By signing the register on your wedding day, you are entering into a legal partnership and there are certain requirements you will need to attend to before your wedding, to ensure that your marriage will be valid in the eyes of the law.
It is quite simple to marry in this country; all the bride and groom have to produce is a valid passport or identity document. If you don’t have a South African identity document, you will need to complete a simple affidavit called a B1-31. All Marriage Officers are Commissioners of Oaths and are competent to complete this affidavit with you.
If previously divorced, you will need the divorce order and if widowed, the death certificate of the late spouse.
I am often asked about when you can marry, e.g. time of day etc. The short answer is that as long as you can find a competent Marriage Officer willing to accommodate you, 24/7 and 365 are permissible. There is nothing to stop you marrying at midnight on a Sunday, if that’s what you want!
In community or out of community of property?
In terms of South African law, a couple may marry either without an ante-nuptial contract, meaning the marriage is ‘in community of property’, or with one, which will generally exclude community of property and may be either with or without accrual.
It is also very important to note that in South Africa, if no ante-nuptial contract is signed prior to the wedding, you are automatically married in community of property. In layman’s terms, this means that all property owned by either spouse becomes part of the joint estate upon marriage, whether it is theirs at the time of the marriage or is acquired by them after the wedding.
The downside of marrying in community of property is that, should either of you face bankruptcy during the course of the marriage, your joint estate is vulnerable to the claims of your creditors.
Over the years I have met many couples who refuse to have an ANC on the basis that a) they are never going to divorce and b) they plan to always share everything.
This may sound very romantic, but it is not only your assets that are jointly owned – you are also liable for each other’s debts. The last thing you want to do is to put your family home at risk, yet couples marrying without an ante-nuptial contract often fail to grasp that this is just what could happen if one of them should decide to start a business venture which fails, because at the end of the day, they will both be liable for any debts incurred. At the start of your marriage you may have no plans to start your own business, but who knows what might happen 10 years hence.
If you decide after the ceremony that you would have preferred to have had an ANC, you will require a High Court Application, which is very costly. In addition, you will be expected to produce a valid reason as to why you did not conclude an ANC before your marriage.
If you are a South African female marrying someone from a foreign country, bear in mind that the law of your prospective husband’s domicile (his home country) at the time of the marriage, applies – both during the marriage and on dissolution. Some countries will only ever apply their own law, notwithstanding the fact that the parties desire their marriage to be governed by the law of the country where they were married. In these instances it is best to contact an attorney prior to the marriage to enquire about your legal status.
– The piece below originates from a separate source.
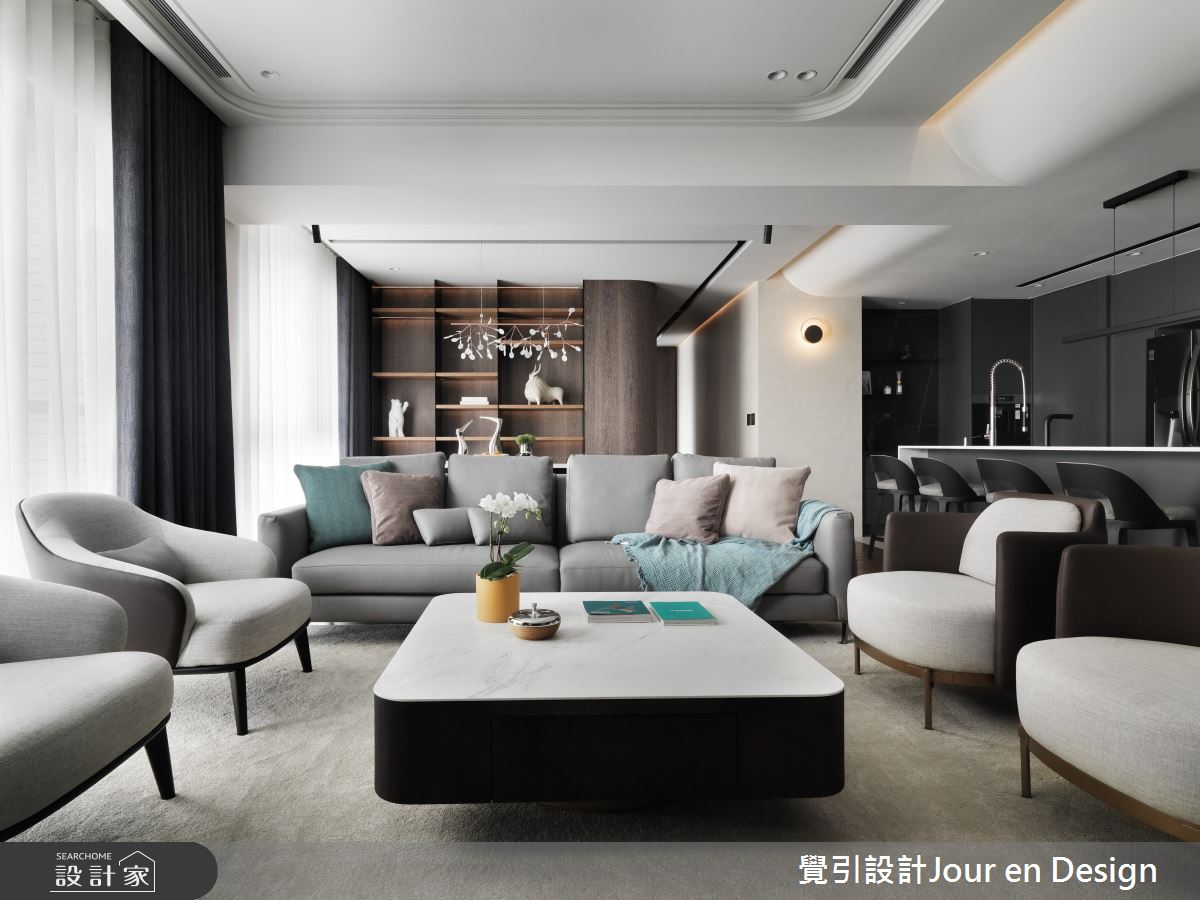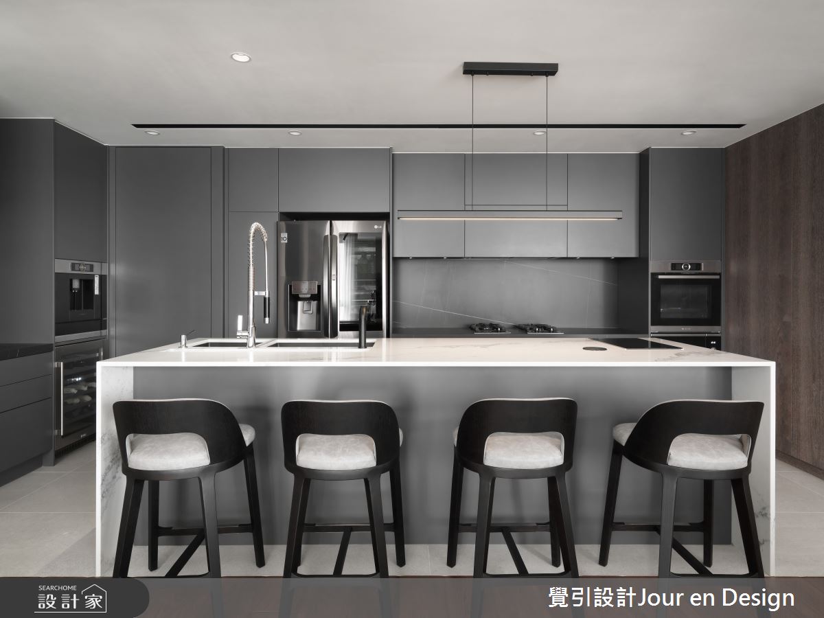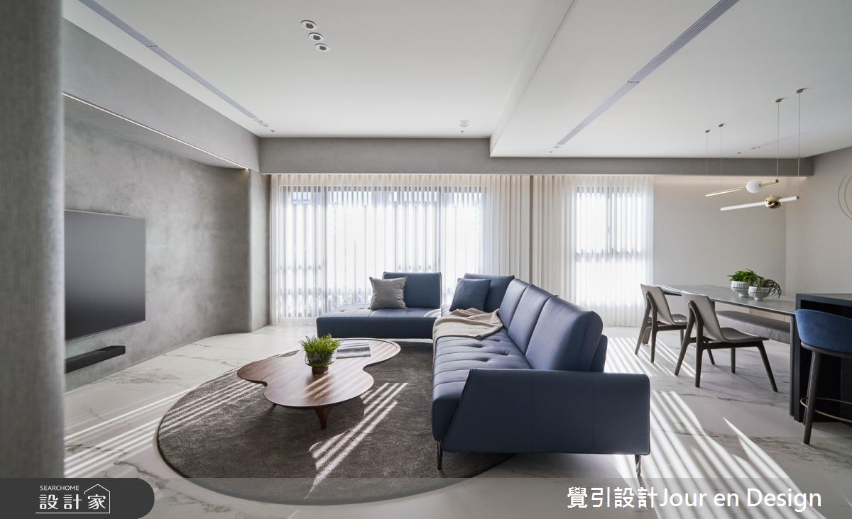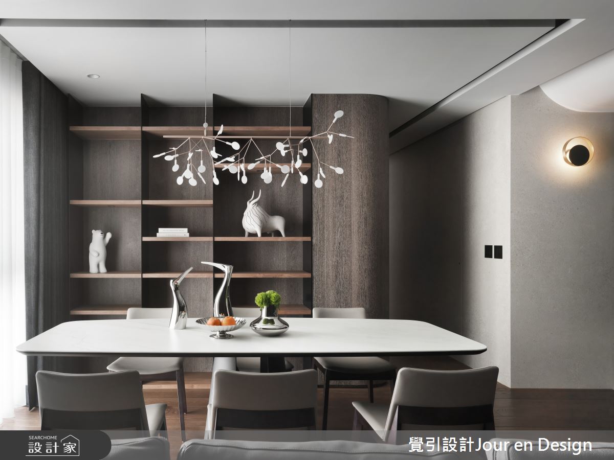 由覺引設計Jour en Design精心規劃的32坪住宅空間。因應屋主需求,設計師運用現代風作為主軸,搭配特殊漆、白橡鋼刷實木皮、長虹玻璃、義大利石紋薄,打造全家人的夢想家居。

I have also been concerned by the number of e-mails I have received from South African couples living in the UK who, when marrying in that country, incorrectly assume that they are married by British law (out of community of property) and who discover to their dismay after the wedding that they are married by South African law, which is in community of property. If you want to avoid all this, it is essential to visit an attorney prior to your marriage.
As will be evident from the above, one should never overlook the importance of an ANC, as its main aim is to protect you – yet a poll conducted on our website revealed that 31% of couples were not planning to enter into an ante-nuptial contract before their weddings.